11. Container With Most Water - Medium
Given n non-negative integers a1, a2, ..., an , where each represents a point at coordinate (i, ai). n vertical lines are drawn such that the two endpoints of line i is at (i, ai) and (i, 0). Find two lines, which together with x-axis forms a container, such that the container contains the most water.
Note: You may not slant the container and n is at least 2.
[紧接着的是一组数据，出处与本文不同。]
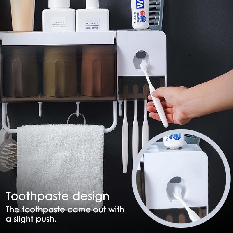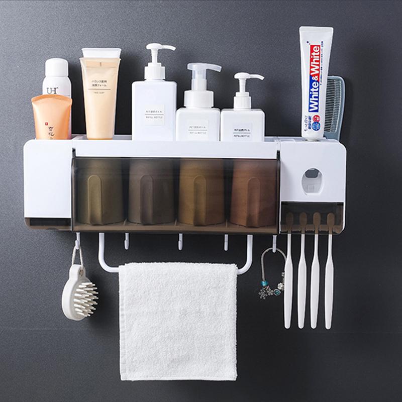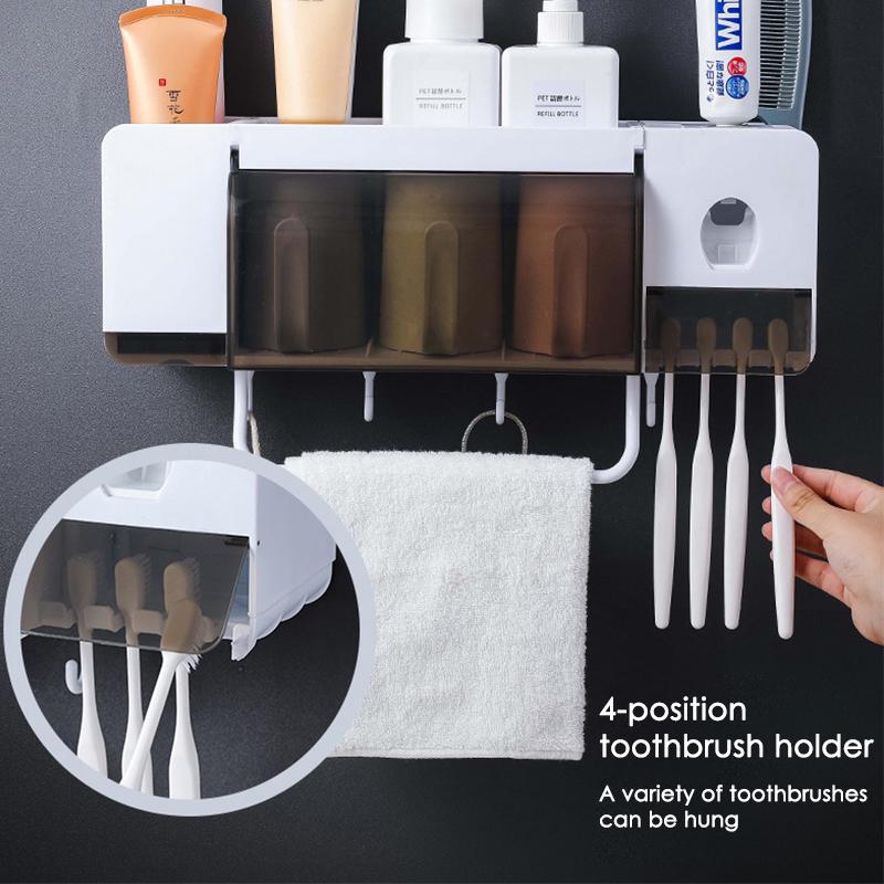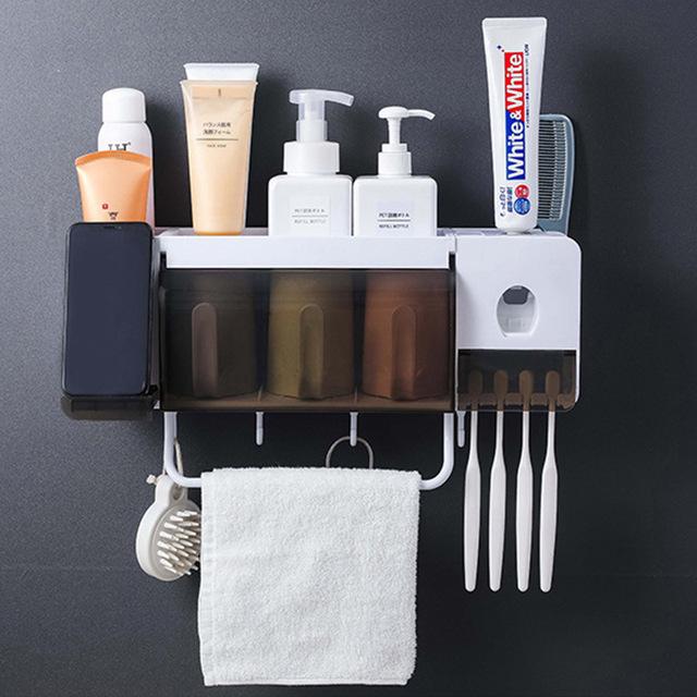 Держатель для зубных щеток, дозатор зубной пасты, стерилизатор, стеллаж для хранения в ванной, органайзер, набор аксессуаров для ванной комнаты, держатель для полотенец с чашкой

The above vertical lines are represented by array [1,8,6,2,5,4,8,3,7]. In this case, the max area of water (blue section) the container can contain is 49.
Example:
Input: [1,8,6,2,5,4,8,3,7] Output: 49
two pointers
p1, p2分別從首、尾開始掃描陣列,同時計算面積。長方形面積中的底是一直在減小的(每次減少1),高是兩條邊中較短的邊長,如果當前p1對應的邊長小於p2對應的邊長,應該保留較長的邊(即p2),p2不變,p1向右移動,面積增大的可能性更大(理由:如果保留p1而移動p2,如果p2移動後變大,邊長還是取較短的p1,如果p2移動後變小,邊長取這個較小的新邊長。新的邊長 <= p1,即,移動後邊長不會增加;但是如果保留p2而移動p1的話,如果p1移動後變大,邊長可以取新的較大的邊長或p2,即,移動後邊長有增加的可能)。反之則應該移動p2。
時間:O(N),空間:O(1)
class Solution { public int maxArea(int[] height) { int p1 = 0, p2 = height.length - 1; int max = 0; while(p1 < p2) { int area = (p2 - p1) * Math.min(height[p1], height[p2]); max = Math.max(max, area); if(height[p1] < height[p2]) p1++; else p2--; } return max; } }